To avoid tiredness and burn out, which occur in the subtle body’s lung, we must be mindful of this “inner speed limit.”

Without getting into working with the nadis (channels or nerves) or bindu (mind essence), Tsoknyi Rinpoche presents these teachings as part of the vast path, which leads to well-being, but not to complete liberation.

For enlightenment, one needs the profound path: renunciation, understanding emptiness and absolute bodhicitta and receiving lineage blessing so to practice with devotion and commitment.

A traditional concept is that the mind is the rider and the lung is the horse. So the mind needs to ride a healthy lung, not a wounded one. Through what Trungpa Rinpoche would call “loving kindness” the lung can relax into harmony with the mind and gross body.

This harmony then is the basis of the profound path.

Another wonderful exploration within the book is a study of the difference between “mere I,” “reified I,” “needy I” and “social I,”

The harmony established between the mind, gross body and subtle body leaves one with a fluid, healthy, functional ego or “I,” like the one we use in speech: “I’ll see you tomorrow.”

“Reified I” is solid and more serious because it has frozen “mere I:” I am an accountant, a jazz musician, a health care worker. There’s no problem with these roles as long as one sees them as one’s job, a hat one wears, and does not confuse it with the “mere I.”

“Needy I” wants constant confirmation and is self-cherishing: “It’s all about me.”

And “social I” is the persona one accumulates in the world, like actors who blur the image of themselves with “mere I.”
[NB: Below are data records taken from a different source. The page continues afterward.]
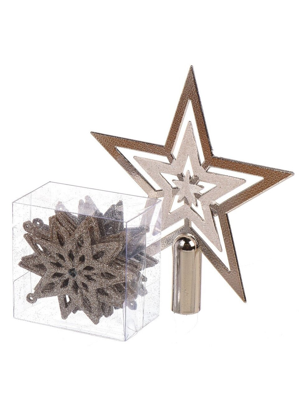 В комплекте 45 ёлочных украшений среднего размера, включая шары и верхушки, что удобно для стандартной ёлки высотой от 1,2 до 2 м.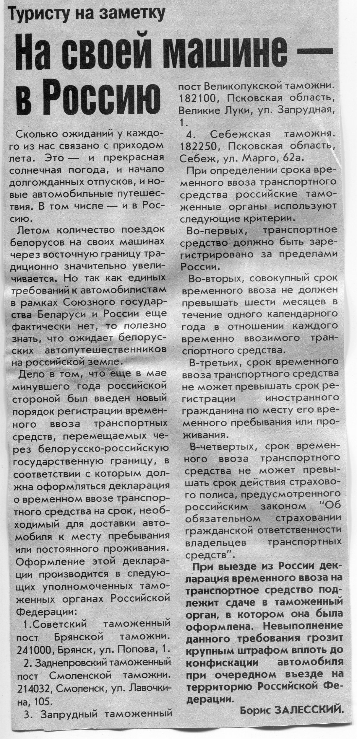 Залесский, Б. На своей машине - в Россию / Б. Залесский // Вечерний Минск. - 2005. - 1 июн.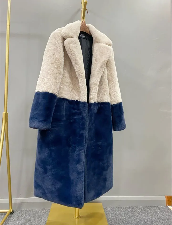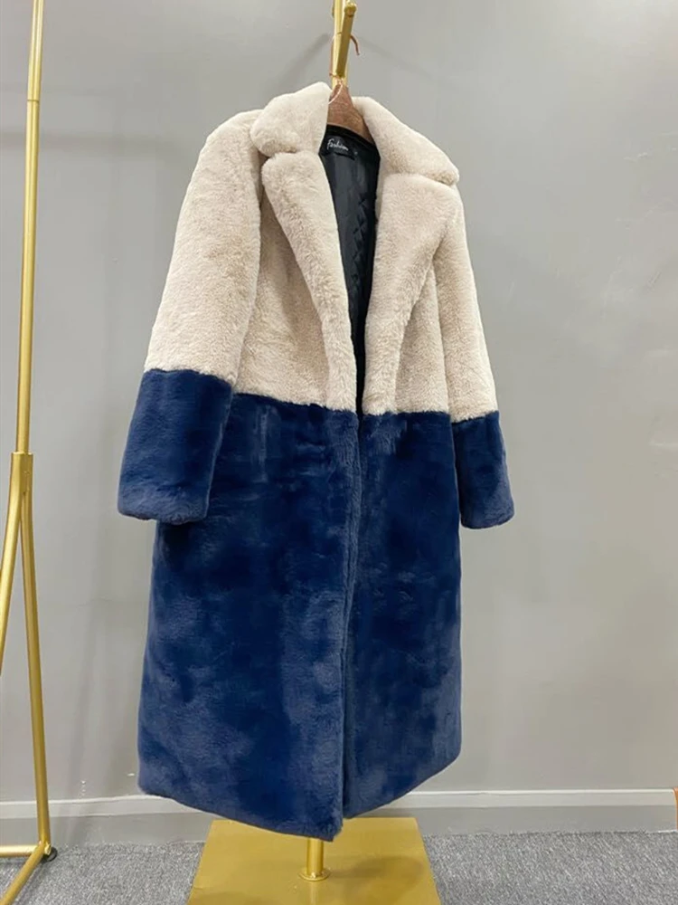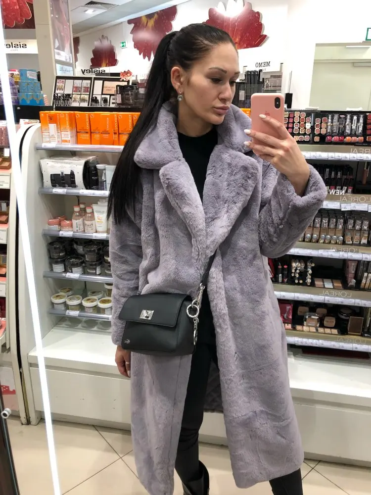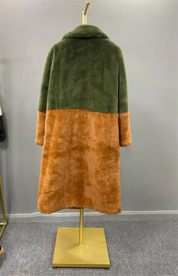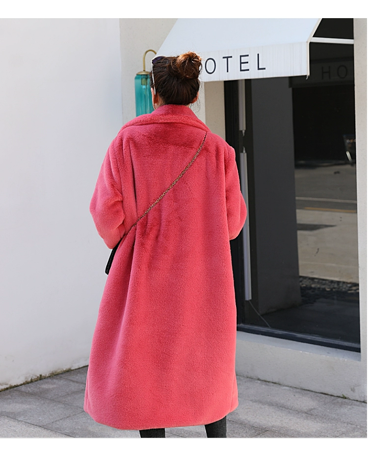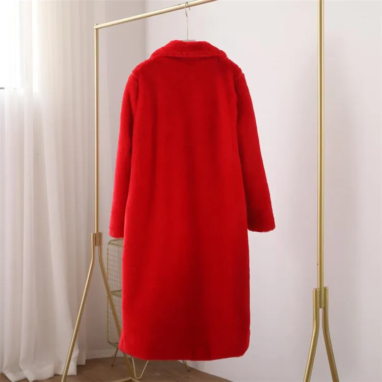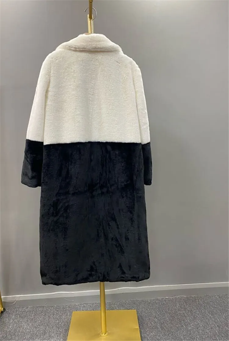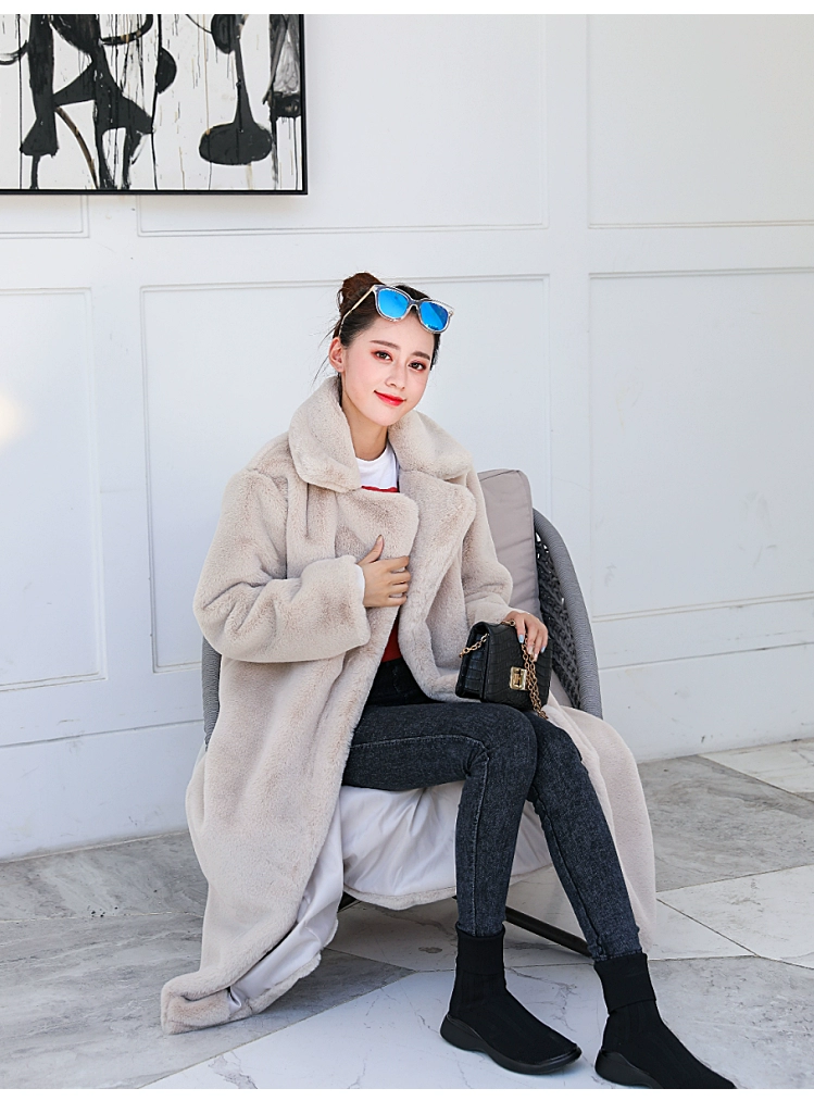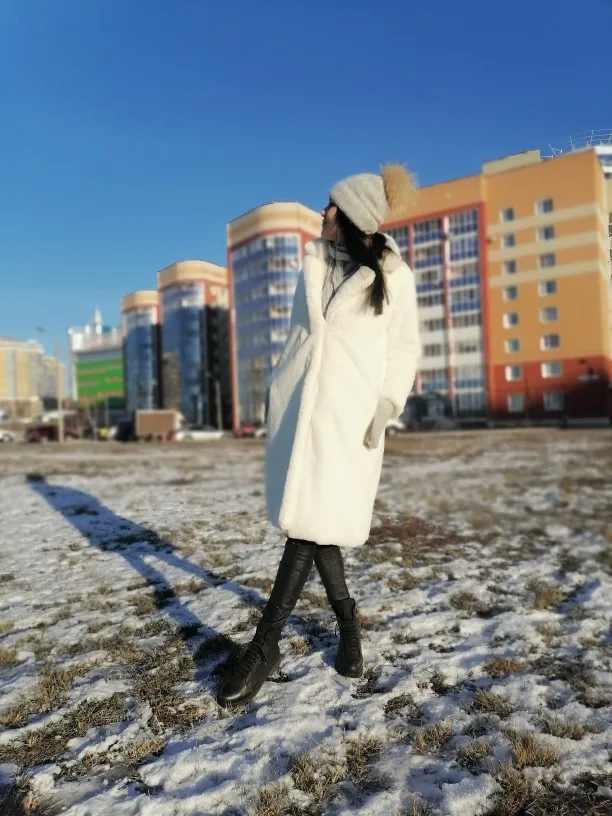 Женская длинная шуба из искусственного кроличьего меха, толстая теплая плюшевая Шуба с лацканами, зимний сезон 2022

Gently deconstructing the “social, needy and reified” aspects of ego transforms emotional blockages by restoring “mere I” with its healthy subtle body lung.

Open Heart, Open Mind provides a bridge between ancient wisdom and modern life.

The language in the book is user friendly and replete with humor. The author, while supporting nunneries in the East and teaching in the West, is a married lama and father of two daughters, giving him experience understanding relationships and matters of both the heart and the mind.